START GIVEN RECORDS

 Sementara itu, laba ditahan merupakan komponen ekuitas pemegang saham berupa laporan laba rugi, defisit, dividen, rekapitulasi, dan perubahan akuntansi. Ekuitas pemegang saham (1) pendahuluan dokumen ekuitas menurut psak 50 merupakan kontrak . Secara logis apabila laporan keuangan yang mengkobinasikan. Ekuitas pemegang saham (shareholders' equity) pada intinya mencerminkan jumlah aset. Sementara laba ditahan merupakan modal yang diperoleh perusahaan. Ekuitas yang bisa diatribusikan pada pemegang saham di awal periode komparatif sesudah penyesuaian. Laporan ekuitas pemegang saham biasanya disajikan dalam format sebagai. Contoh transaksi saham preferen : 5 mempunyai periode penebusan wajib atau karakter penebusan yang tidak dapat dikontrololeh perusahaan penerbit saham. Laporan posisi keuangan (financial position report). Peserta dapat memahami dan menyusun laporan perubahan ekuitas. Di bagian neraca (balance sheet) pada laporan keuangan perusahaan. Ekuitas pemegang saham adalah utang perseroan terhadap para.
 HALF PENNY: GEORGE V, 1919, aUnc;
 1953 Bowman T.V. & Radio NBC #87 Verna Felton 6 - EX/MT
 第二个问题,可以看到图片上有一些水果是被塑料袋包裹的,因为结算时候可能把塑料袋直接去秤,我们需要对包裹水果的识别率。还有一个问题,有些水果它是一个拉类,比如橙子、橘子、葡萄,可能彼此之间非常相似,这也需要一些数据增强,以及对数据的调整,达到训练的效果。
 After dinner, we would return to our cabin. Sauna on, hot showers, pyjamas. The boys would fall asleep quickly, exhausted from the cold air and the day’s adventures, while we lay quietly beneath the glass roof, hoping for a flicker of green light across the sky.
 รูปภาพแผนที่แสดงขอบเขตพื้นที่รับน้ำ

END GIVEN RECORDS
START GIVEN RECORDS

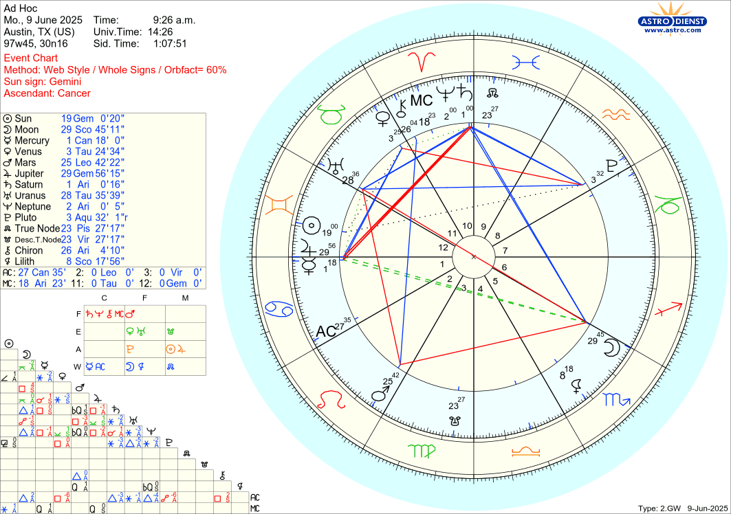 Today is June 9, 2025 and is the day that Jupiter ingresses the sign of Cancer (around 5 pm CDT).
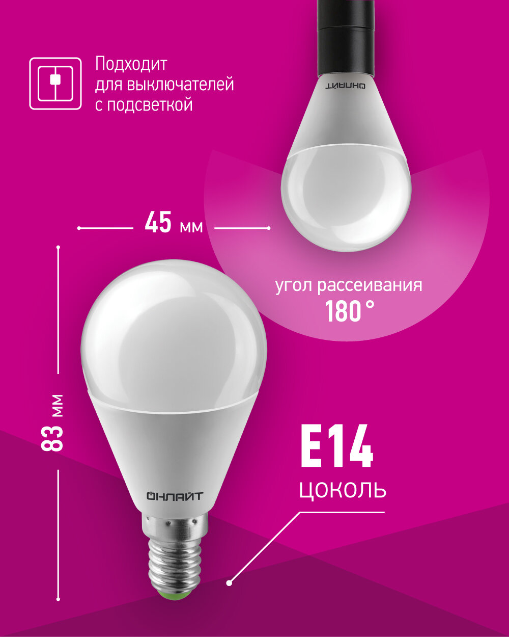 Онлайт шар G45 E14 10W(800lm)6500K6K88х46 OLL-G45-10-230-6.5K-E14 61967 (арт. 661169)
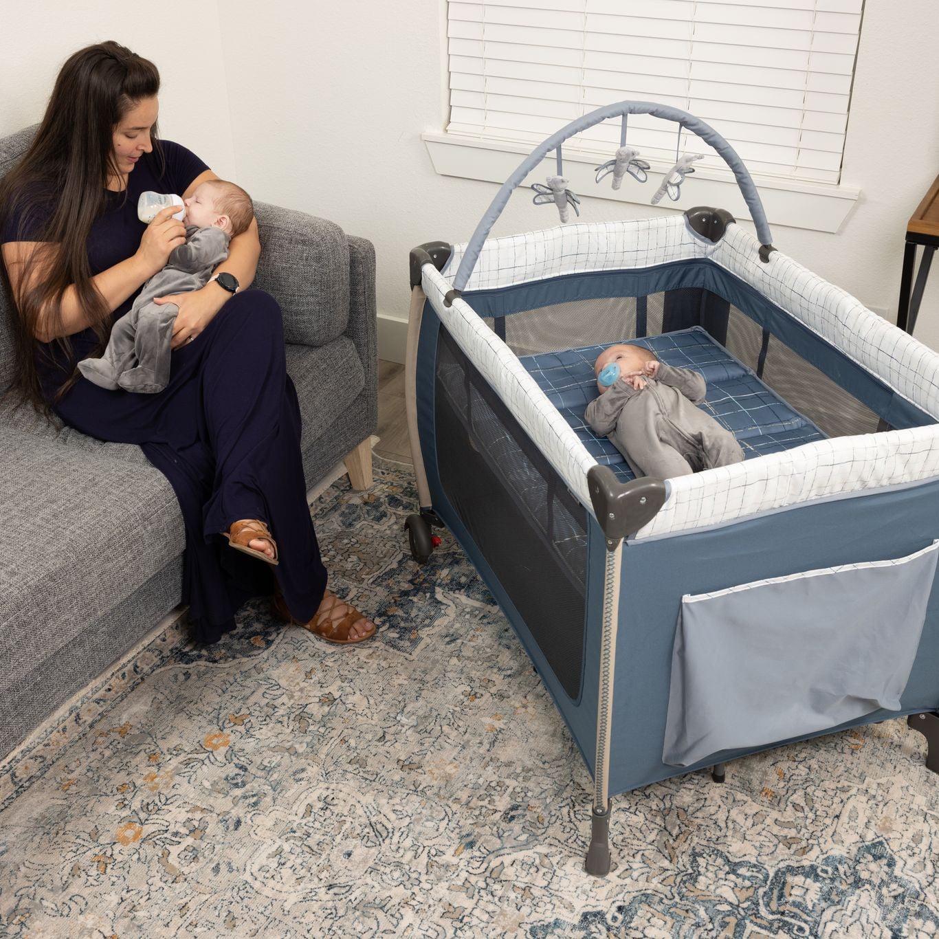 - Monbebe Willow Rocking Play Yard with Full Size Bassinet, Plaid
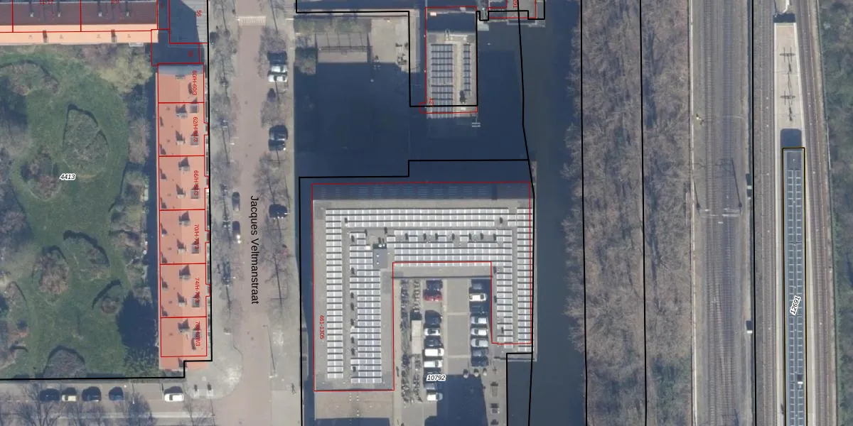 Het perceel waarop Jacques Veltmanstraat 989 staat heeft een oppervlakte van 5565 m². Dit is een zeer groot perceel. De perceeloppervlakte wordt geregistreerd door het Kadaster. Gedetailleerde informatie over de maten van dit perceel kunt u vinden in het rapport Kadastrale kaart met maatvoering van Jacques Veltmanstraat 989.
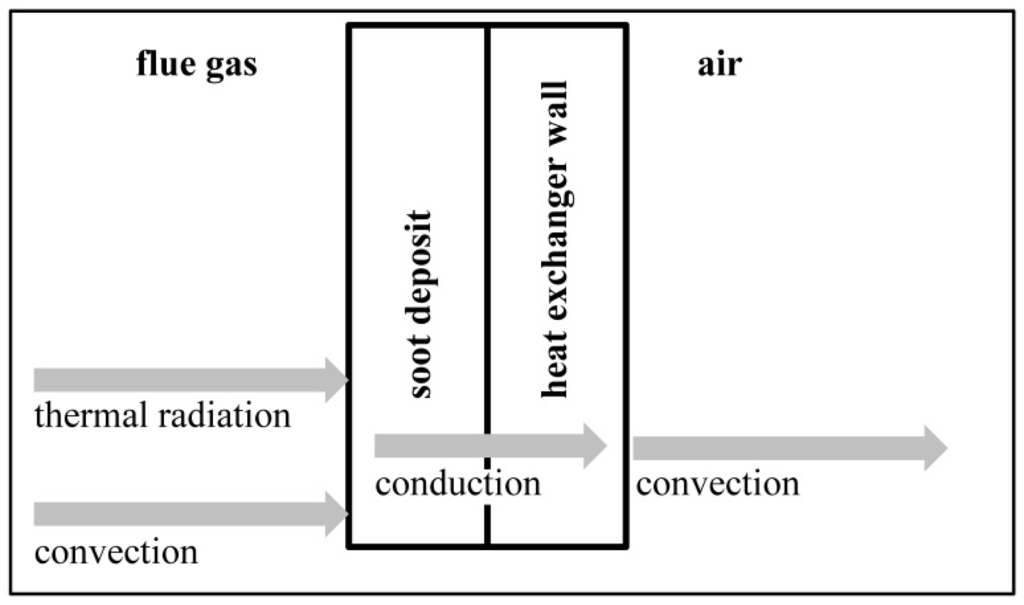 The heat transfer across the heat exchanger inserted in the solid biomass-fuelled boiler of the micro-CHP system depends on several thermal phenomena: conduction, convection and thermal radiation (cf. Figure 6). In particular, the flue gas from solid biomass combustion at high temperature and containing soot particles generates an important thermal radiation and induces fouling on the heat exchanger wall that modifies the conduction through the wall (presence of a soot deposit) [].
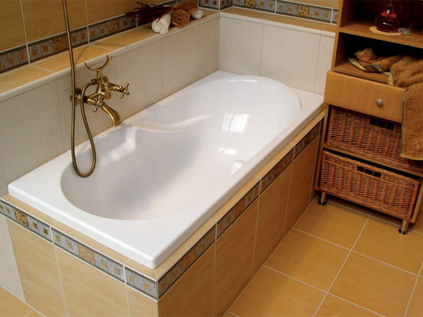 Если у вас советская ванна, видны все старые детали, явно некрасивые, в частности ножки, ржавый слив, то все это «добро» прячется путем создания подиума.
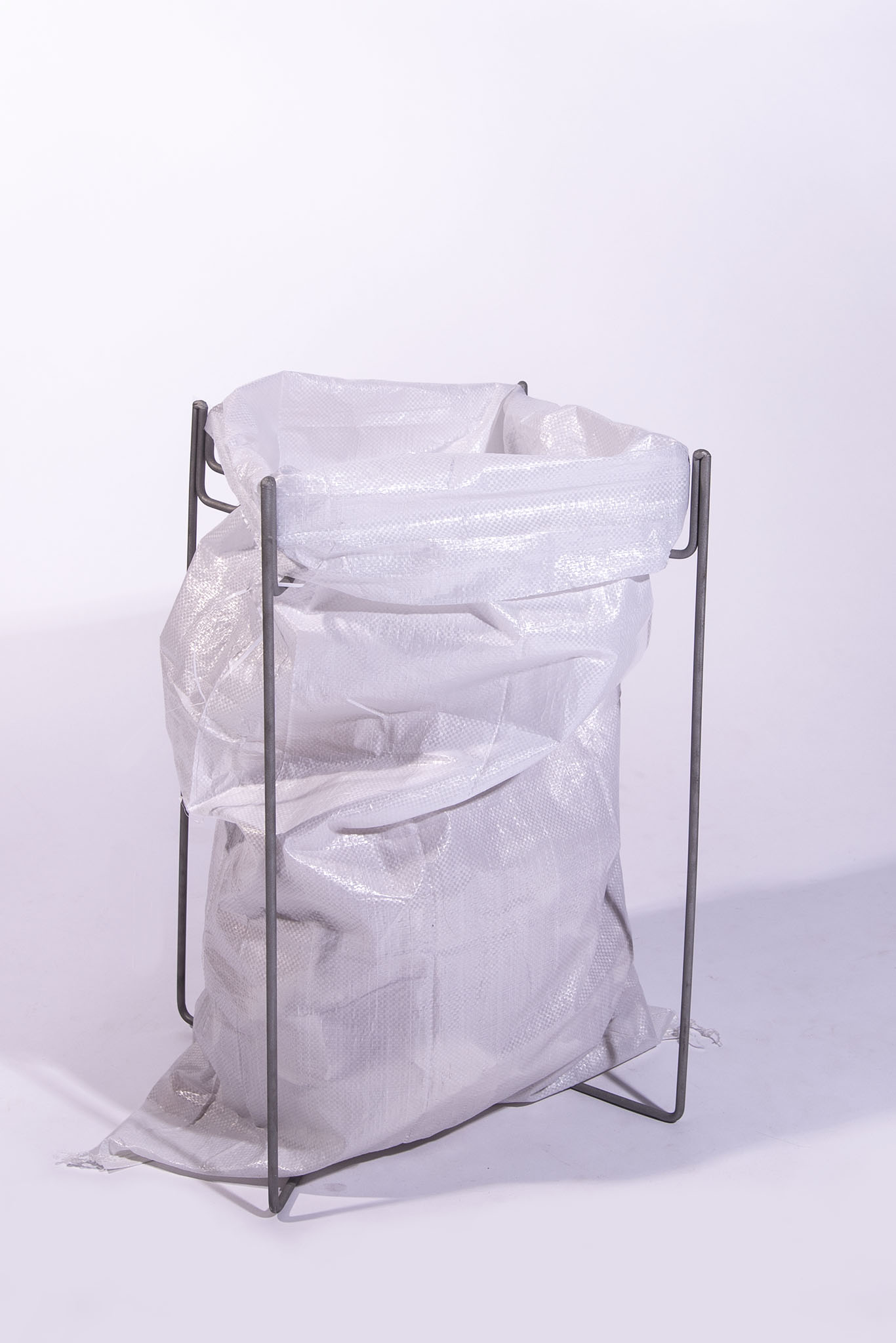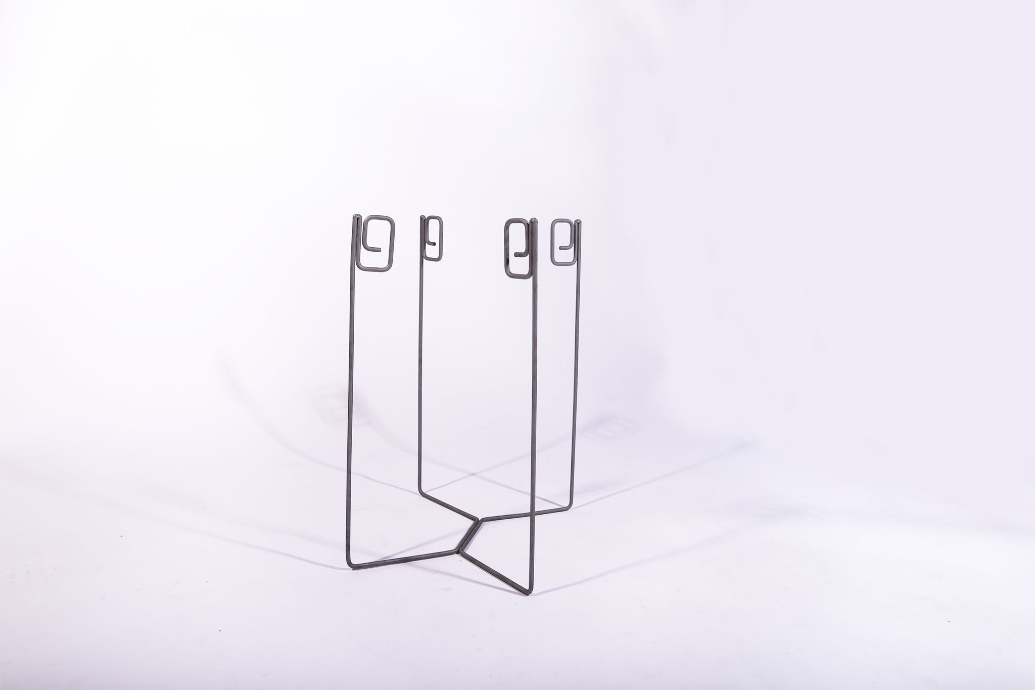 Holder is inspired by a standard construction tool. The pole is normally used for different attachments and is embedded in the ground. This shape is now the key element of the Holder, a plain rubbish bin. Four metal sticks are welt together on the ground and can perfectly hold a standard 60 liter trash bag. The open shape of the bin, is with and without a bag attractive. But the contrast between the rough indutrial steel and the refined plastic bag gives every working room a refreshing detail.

END GIVEN RECORDS

* TASK TO CARRY OUT *
Write down exactly what the lines above say, from the line holding "The heat transfer" through the line holding "Если у вас советская", and nothing more. Do not copy the pictures.

* EXERCISE RESPONSE *
 The heat transfer across the heat exchanger inserted in the solid biomass-fuelled boiler of the micro-CHP system depends on several thermal phenomena: conduction, convection and thermal radiation (cf. Figure 6). In particular, the flue gas from solid biomass combustion at high temperature and containing soot particles generates an important thermal radiation and induces fouling on the heat exchanger wall that modifies the conduction through the wall (presence of a soot deposit) [].
 Если у вас советская ванна, видны все старые детали, явно некрасивые, в частности ножки, ржавый слив, то все это «добро» прячется путем создания подиума.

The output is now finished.